[[ Material for the task, beginning ]]

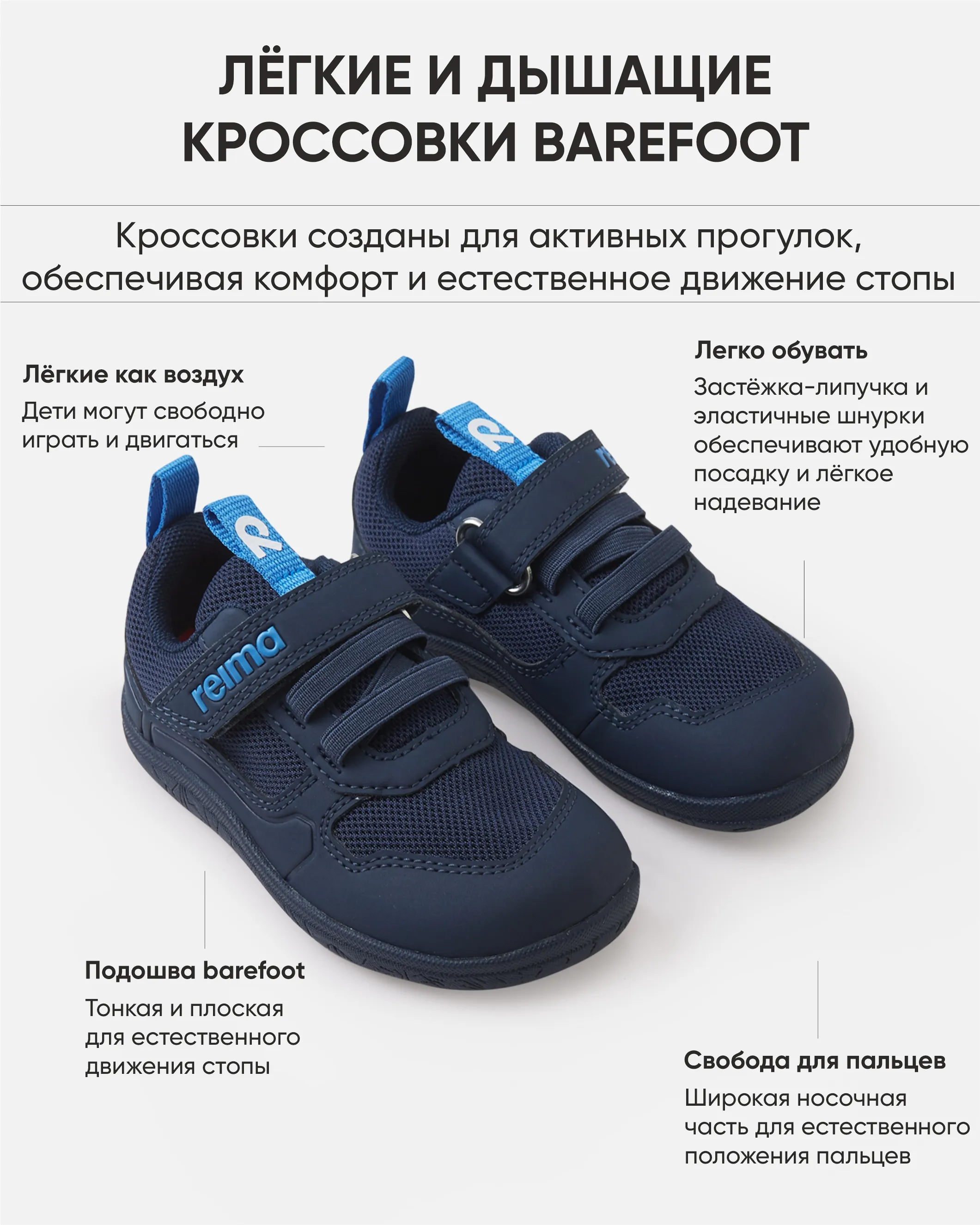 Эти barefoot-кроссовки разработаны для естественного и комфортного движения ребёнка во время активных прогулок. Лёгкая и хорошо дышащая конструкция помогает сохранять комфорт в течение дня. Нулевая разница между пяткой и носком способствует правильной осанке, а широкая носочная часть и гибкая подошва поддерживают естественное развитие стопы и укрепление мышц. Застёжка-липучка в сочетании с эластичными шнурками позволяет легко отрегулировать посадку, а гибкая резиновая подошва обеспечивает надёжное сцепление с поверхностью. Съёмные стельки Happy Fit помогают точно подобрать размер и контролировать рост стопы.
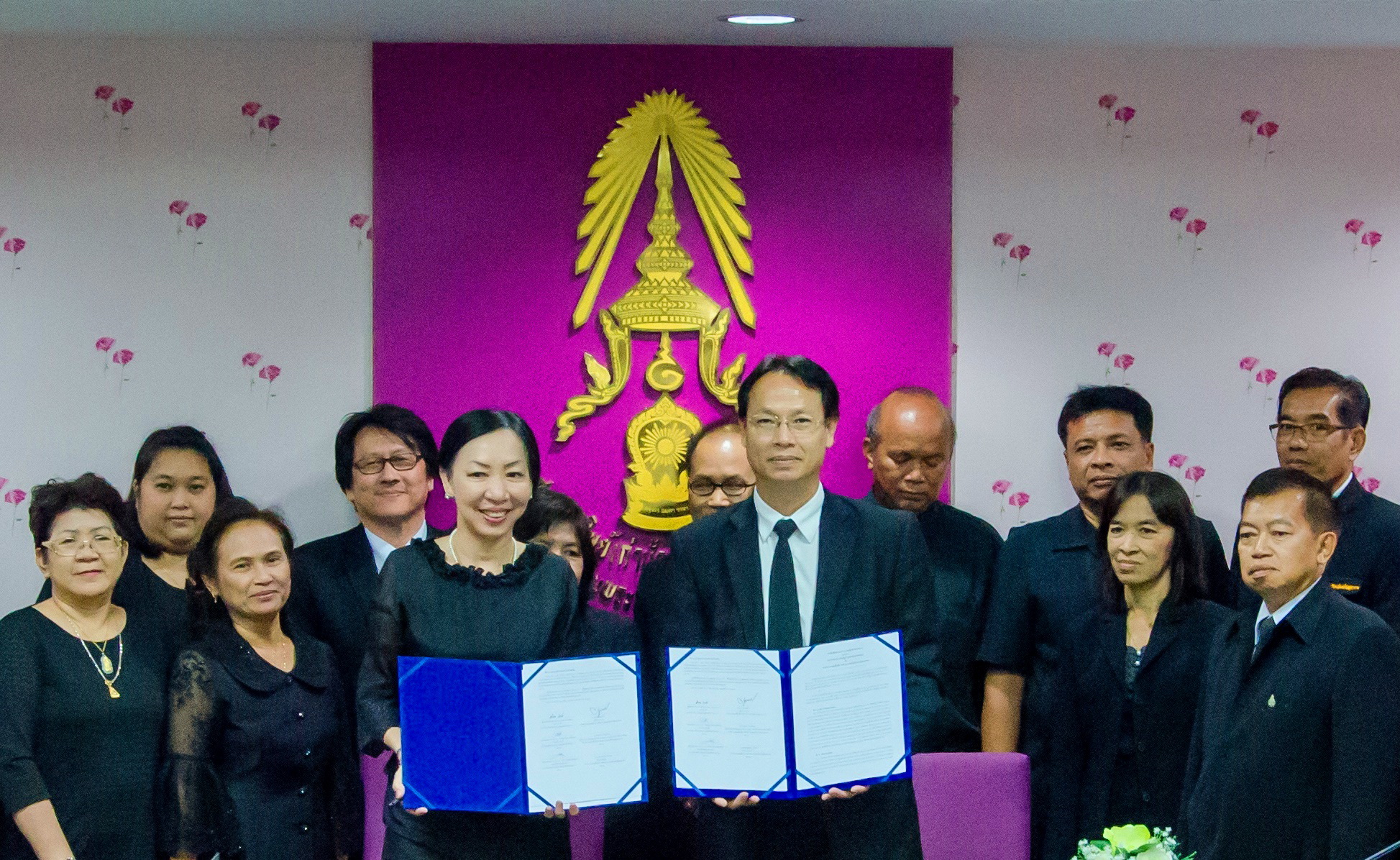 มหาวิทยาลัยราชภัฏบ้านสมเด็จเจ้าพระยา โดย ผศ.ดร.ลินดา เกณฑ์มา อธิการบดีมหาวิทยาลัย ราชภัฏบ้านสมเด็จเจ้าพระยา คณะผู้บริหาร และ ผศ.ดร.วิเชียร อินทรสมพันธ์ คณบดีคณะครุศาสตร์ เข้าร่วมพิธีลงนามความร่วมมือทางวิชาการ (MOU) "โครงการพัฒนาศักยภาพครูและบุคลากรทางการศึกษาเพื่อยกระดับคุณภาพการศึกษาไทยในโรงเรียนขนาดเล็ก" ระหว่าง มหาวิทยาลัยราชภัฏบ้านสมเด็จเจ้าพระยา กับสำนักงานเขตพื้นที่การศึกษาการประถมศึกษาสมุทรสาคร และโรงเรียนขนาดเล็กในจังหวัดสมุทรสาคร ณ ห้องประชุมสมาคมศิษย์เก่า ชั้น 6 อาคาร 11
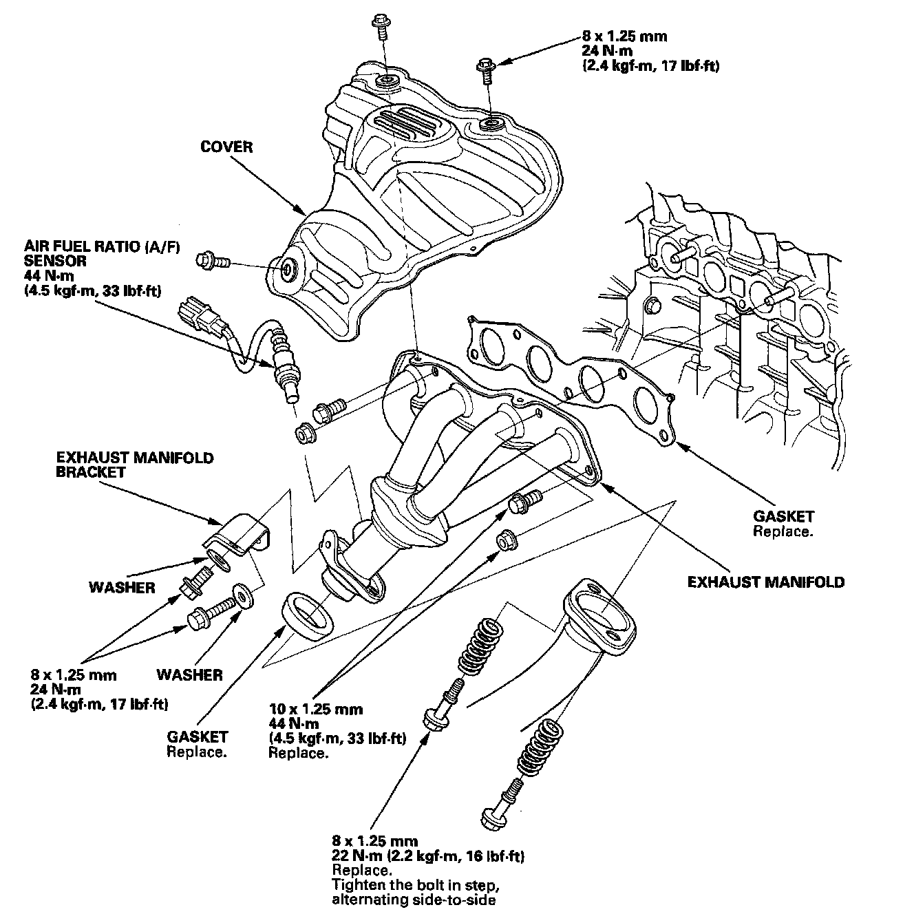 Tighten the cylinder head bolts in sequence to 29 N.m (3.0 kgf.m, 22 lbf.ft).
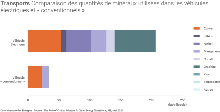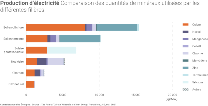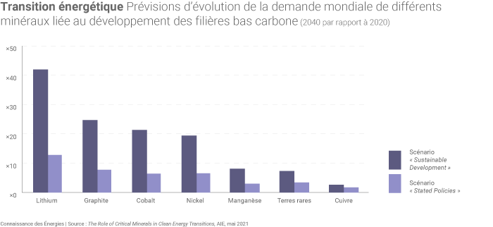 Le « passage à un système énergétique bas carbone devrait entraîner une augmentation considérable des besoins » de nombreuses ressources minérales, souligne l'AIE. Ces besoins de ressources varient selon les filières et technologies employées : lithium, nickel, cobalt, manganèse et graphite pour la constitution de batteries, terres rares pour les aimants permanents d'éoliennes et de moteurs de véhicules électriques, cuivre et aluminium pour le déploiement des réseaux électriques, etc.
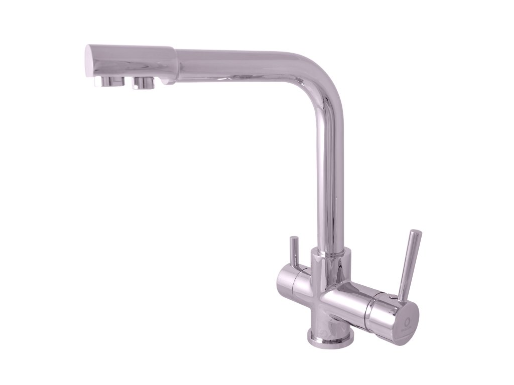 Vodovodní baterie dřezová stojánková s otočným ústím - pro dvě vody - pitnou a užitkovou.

[[ Material for the task, end ]]

[What is needed]
Word for word, output the lines from the beginning of the listing through the line holding "Tighten the cylinder" and nothing beyond them. Omit the pictures.

[Answer box]
 Эти barefoot-кроссовки разработаны для естественного и комфортного движения ребёнка во время активных прогулок. Лёгкая и хорошо дышащая конструкция помогает сохранять комфорт в течение дня. Нулевая разница между пяткой и носком способствует правильной осанке, а широкая носочная часть и гибкая подошва поддерживают естественное развитие стопы и укрепление мышц. Застёжка-липучка в сочетании с эластичными шнурками позволяет легко отрегулировать посадку, а гибкая резиновая подошва обеспечивает надёжное сцепление с поверхностью. Съёмные стельки Happy Fit помогают точно подобрать размер и контролировать рост стопы.
 มหาวิทยาลัยราชภัฏบ้านสมเด็จเจ้าพระยา โดย ผศ.ดร.ลินดา เกณฑ์มา อธิการบดีมหาวิทยาลัย ราชภัฏบ้านสมเด็จเจ้าพระยา คณะผู้บริหาร และ ผศ.ดร.วิเชียร อินทรสมพันธ์ คณบดีคณะครุศาสตร์ เข้าร่วมพิธีลงนามความร่วมมือทางวิชาการ (MOU) "โครงการพัฒนาศักยภาพครูและบุคลากรทางการศึกษาเพื่อยกระดับคุณภาพการศึกษาไทยในโรงเรียนขนาดเล็ก" ระหว่าง มหาวิทยาลัยราชภัฏบ้านสมเด็จเจ้าพระยา กับสำนักงานเขตพื้นที่การศึกษาการประถมศึกษาสมุทรสาคร และโรงเรียนขนาดเล็กในจังหวัดสมุทรสาคร ณ ห้องประชุมสมาคมศิษย์เก่า ชั้น 6 อาคาร 11
 Tighten the cylinder head bolts in sequence to 29 N.m (3.0 kgf.m, 22 lbf.ft).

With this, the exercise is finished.